## Entries shown
==*==
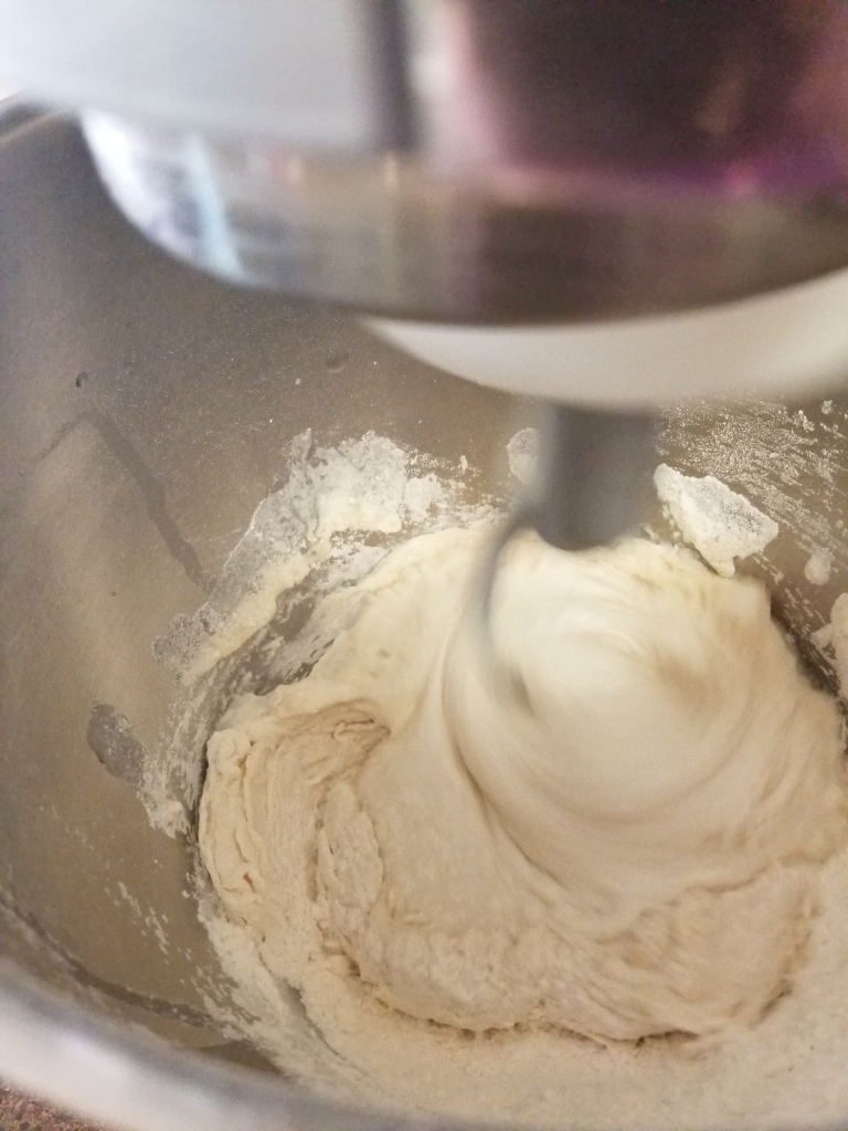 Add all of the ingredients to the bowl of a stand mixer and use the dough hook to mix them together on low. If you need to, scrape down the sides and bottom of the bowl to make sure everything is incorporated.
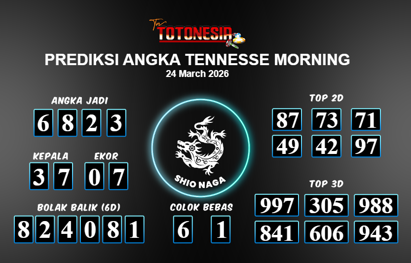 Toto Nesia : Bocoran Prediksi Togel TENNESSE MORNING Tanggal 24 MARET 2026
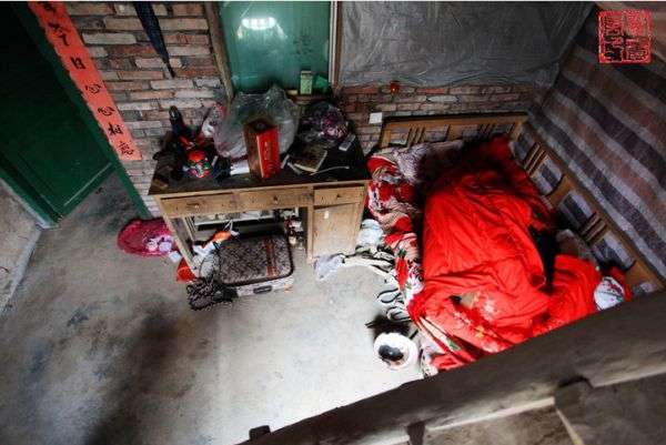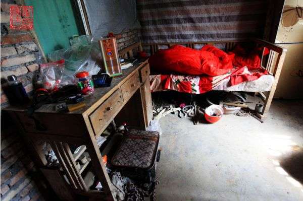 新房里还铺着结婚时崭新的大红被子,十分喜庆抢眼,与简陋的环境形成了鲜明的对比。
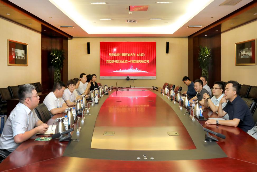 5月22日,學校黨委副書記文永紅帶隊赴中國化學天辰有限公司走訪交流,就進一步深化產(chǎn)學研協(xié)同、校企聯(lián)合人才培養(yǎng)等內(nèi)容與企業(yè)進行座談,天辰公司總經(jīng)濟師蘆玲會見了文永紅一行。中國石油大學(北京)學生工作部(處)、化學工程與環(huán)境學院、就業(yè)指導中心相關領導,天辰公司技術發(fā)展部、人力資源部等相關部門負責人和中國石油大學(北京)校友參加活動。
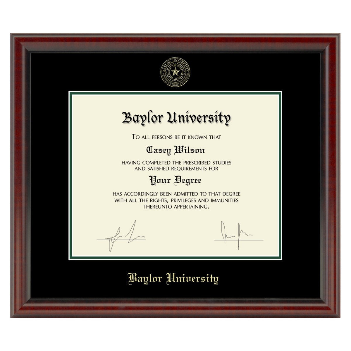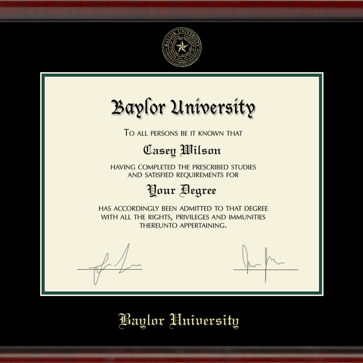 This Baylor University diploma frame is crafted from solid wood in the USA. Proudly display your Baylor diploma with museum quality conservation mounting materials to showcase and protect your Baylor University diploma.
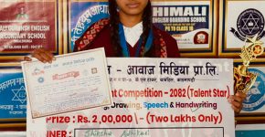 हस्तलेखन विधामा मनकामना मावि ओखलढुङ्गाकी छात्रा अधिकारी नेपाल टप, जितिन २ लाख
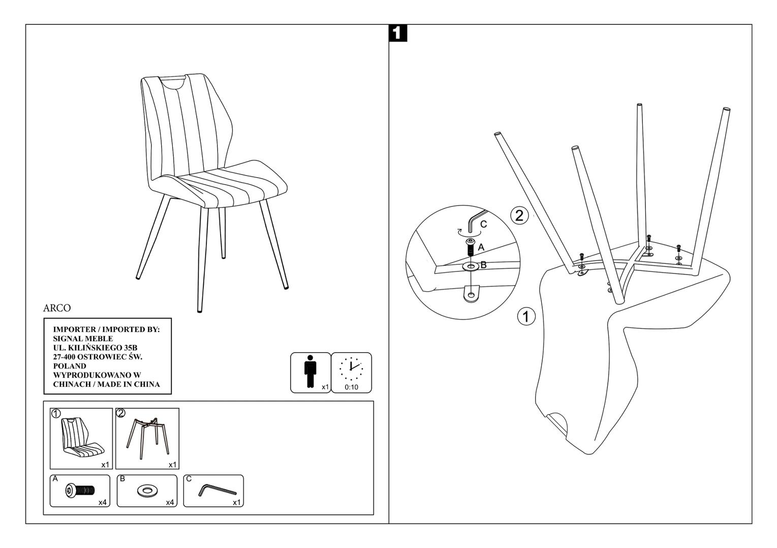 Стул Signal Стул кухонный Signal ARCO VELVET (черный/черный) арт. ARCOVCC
==*==
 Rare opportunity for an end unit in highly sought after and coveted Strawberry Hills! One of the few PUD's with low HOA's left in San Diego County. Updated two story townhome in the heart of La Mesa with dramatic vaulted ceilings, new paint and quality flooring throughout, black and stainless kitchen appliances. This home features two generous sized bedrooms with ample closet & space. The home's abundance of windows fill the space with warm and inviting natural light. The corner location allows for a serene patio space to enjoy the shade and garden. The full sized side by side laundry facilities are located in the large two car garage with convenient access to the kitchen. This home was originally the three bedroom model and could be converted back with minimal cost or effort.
==*==
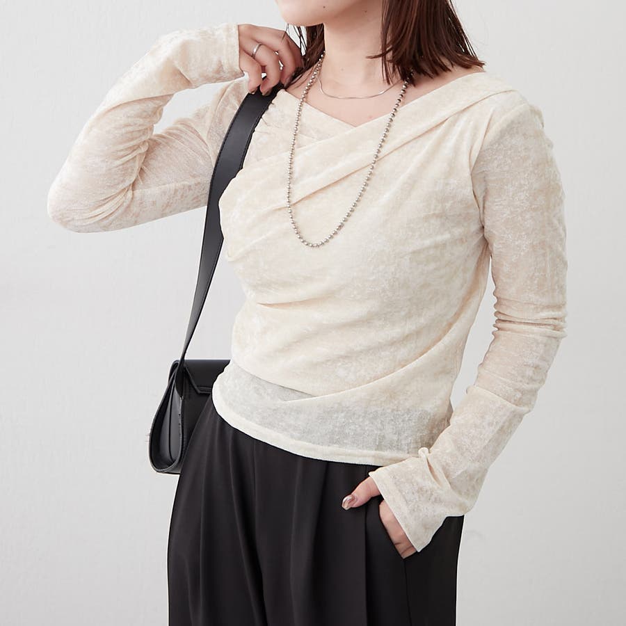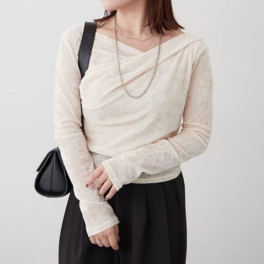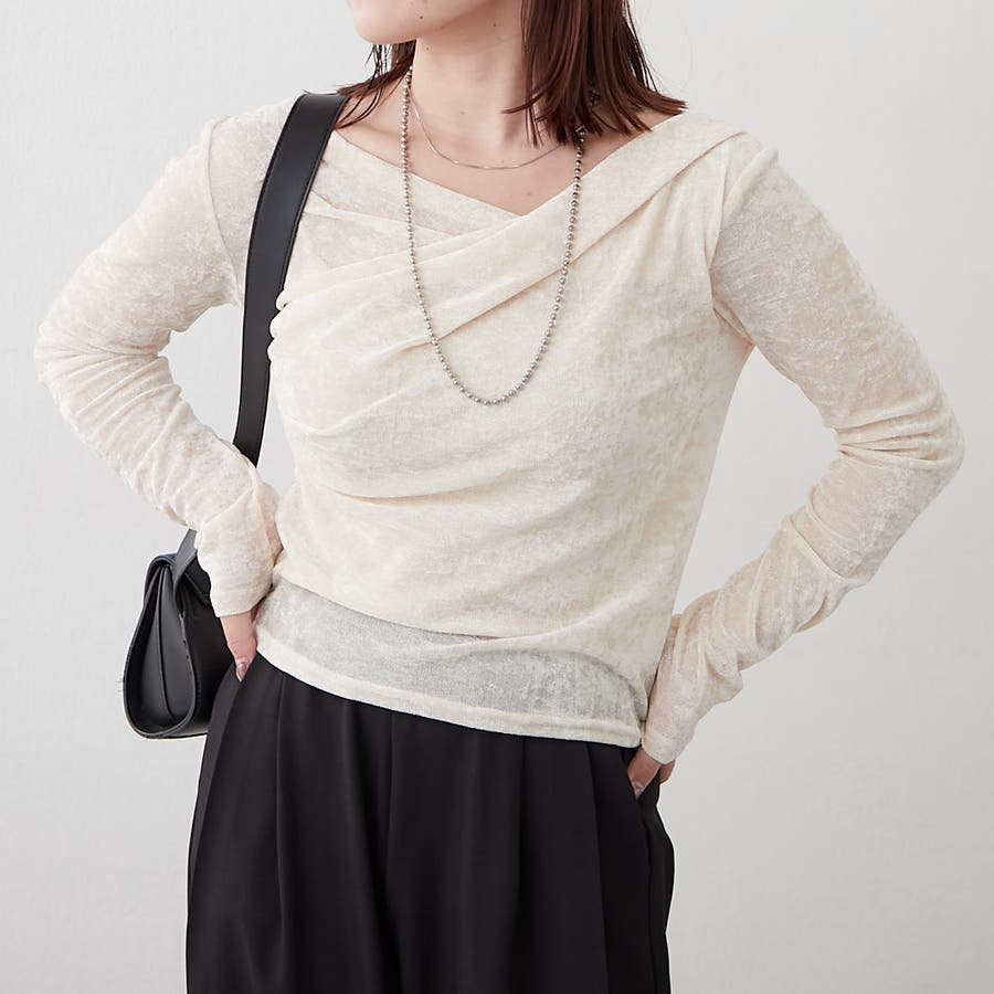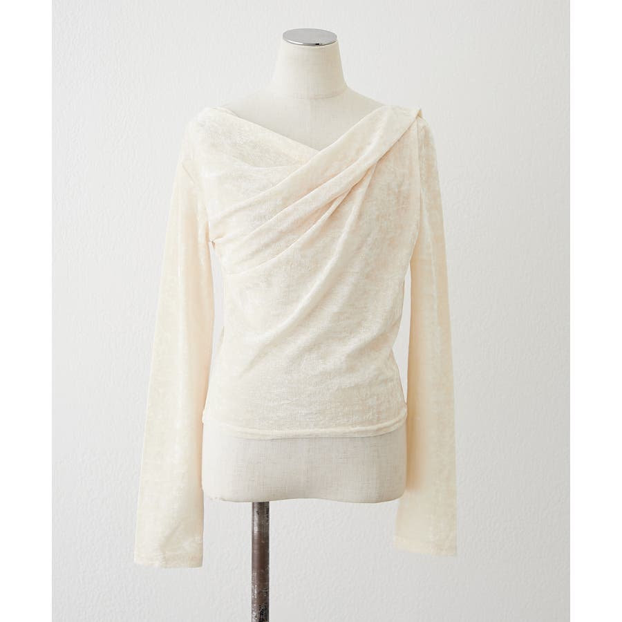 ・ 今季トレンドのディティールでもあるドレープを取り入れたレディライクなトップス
==*==
## Assigned task
With the pictures removed from your copy, retype the lines above from the one that contains "新房里还铺着结婚时崭新的大红被子,十分喜庆抢眼,与简陋的环境形成了鲜明的对比。" through the one that contains "Стул Signal Стул", exactly.

## Exercise answer
 新房里还铺着结婚时崭新的大红被子,十分喜庆抢眼,与简陋的环境形成了鲜明的对比。
 5月22日,學校黨委副書記文永紅帶隊赴中國化學天辰有限公司走訪交流,就進一步深化產(chǎn)學研協(xié)同、校企聯(lián)合人才培養(yǎng)等內(nèi)容與企業(yè)進行座談,天辰公司總經(jīng)濟師蘆玲會見了文永紅一行。中國石油大學(北京)學生工作部(處)、化學工程與環(huán)境學院、就業(yè)指導中心相關領導,天辰公司技術發(fā)展部、人力資源部等相關部門負責人和中國石油大學(北京)校友參加活動。
 This Baylor University diploma frame is crafted from solid wood in the USA. Proudly display your Baylor diploma with museum quality conservation mounting materials to showcase and protect your Baylor University diploma.
 हस्तलेखन विधामा मनकामना मावि ओखलढुङ्गाकी छात्रा अधिकारी नेपाल टप, जितिन २ लाख
 Стул Signal Стул кухонный Signal ARCO VELVET (черный/черный) арт. ARCOVCC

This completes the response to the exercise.